I have gone to All Inclusive vacation resorts and not once has everything been included. If halfway through the vacation they changed the rules (I am sorry, but there is now a daily charge for pool towels) I would be upset by the principle, more than the additional cost.

Oh, and whenever I run into a customer service rep, I always make sure to tell them that I am not upset with them, it is the company policy and I know that they can't make changes to the policy. I'm sure they're not thrilled having to listen to complaints many times a day.


----------



## larry81 (Nov 22, 2010)

GoldStone said:


> Life is too short to get worked up about account term changes.
> 
> I flipped my TD US$ account type from Borderless to regular chequing. I did it online with a few mouse clicks. Took me less than a minute to do it. Regular chequing account doesn't have a monthly fee. OTOH, it charges per-transactions fees. This is fine with me because I rarely use this account.


give me some instruction please !


----------



## GoldStone (Mar 6, 2011)

larry81 said:


> give me some instruction please !


In EasyWeb:

Select Borderless account to view account activity.
Look in the box on the left hand side, under Personal Accounts.
There should be a link there called "Change Account Type".
Click the link.
Fill out the form.

ADDED: the new account type you want to select is called "US$ Daily Interest Chequing Account". Daily Interest!!! LOL.


----------



## banjopete (Feb 4, 2014)

scorpion_ca said:


> I closed my TD chequing a/c in March and opened TD savings a/c (1 free transaction per month, no fee, no minimum balance required). The reason I need to keep a TD a/c is to get my TDW money. There are lot of online banks, where you would get unlimited transactions.


I opened an account just to use TDDI after being told this was required by the nice lady at the bank. Turns out you don't, I bank elsewhere to avoid fees but i started out with their e-series stuff so opened a TDDI account with them a few years back. I can send money in and out with my other bank, so TD gets no fees from me other than those associated with my investments.


----------



## Cal (Jun 17, 2009)

Squash500 said:


> [/B]That's a good point. I guess TD is hoping that most customers won't even notice what they're doing.


I am sure they had to notify all customers with this account of the upcoming changes ahead of time.

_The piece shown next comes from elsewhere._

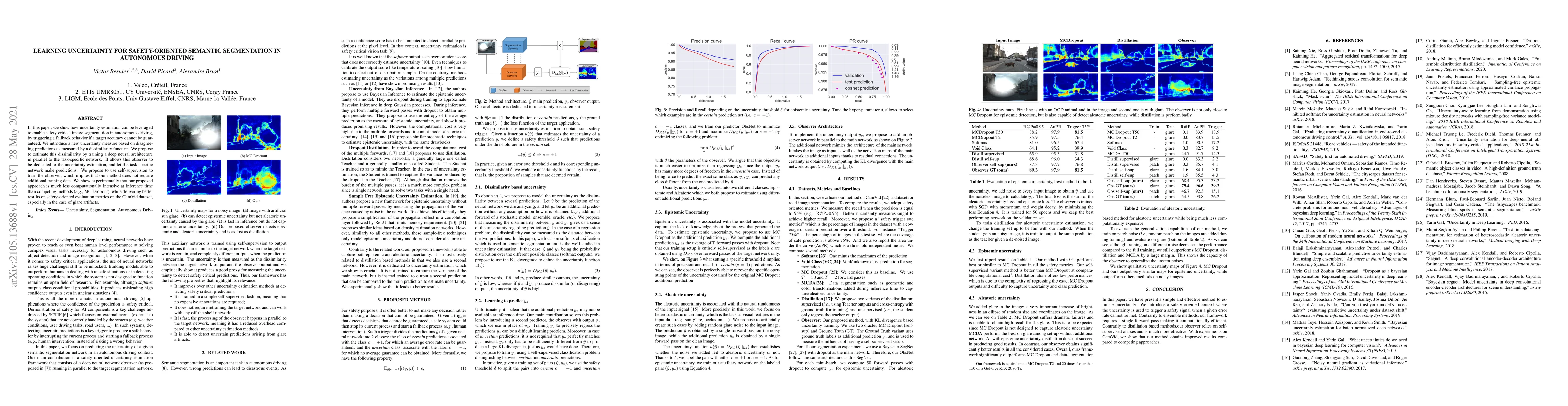 In this paper, we show how uncertainty estimation can be leveraged to enable safety critical image segmentation in autonomous driving, by triggering a fallback behavior if a target accuracy cannot be guaranteed. We introduce a new uncertainty measure based on disagreeing predictions as measured by a dissimilarity function. We propose to estimate this dissimilarity by training a deep neural architecture in parallel to the task-specific network. It allows this observer to be dedicated to the uncertainty estimation, and let the task-specific network make predictions. We propose to use self-supervision to train the observer, which implies that our method does not require additional training data. We show experimentally that our proposed approach is much less computationally intensive at inference time than competing methods (e.g. MCDropout), while delivering better results on safety-oriented evaluation metrics on the CamVid dataset, especially in the case of glare artifacts.

If they didn't, that is what would really piss me off.


----------



## larry81 (Nov 22, 2010)

GoldStone said:


> ADDED: the new account type you want to select is called "US$ Daily Interest Chequing Account". Daily Interest!!! LOL.


Thanks GoldStone, i switched account type today !


----------



## gibor365 (Apr 1, 2011)

> That put me one step closer to going with Tangerine(or similar). I need to calculate how much I'm actually getting for maintaining the minimum "all-inclusive" balance, then decide.


 We don't pay any fees at all as we have staff account... but I don't understand why people don't switch for example to PCF... free cheques, no any minimum balance and much higher rates 



> TD has a right to increase fees


 sure, higher rate, higher dividends 

Long TD


----------



## GoldStone (Mar 6, 2011)

larry81 said:


> Thanks GoldStone, i switched account type today !


Just keep in mind, they charge $1.25 for each debit transaction.


----------



## Cal (Jun 17, 2009)

GoldStone said:


> Just keep in mind, they charge $1.25 for each debit transaction.


I thought that was waived if you had over $1500 balance....


----------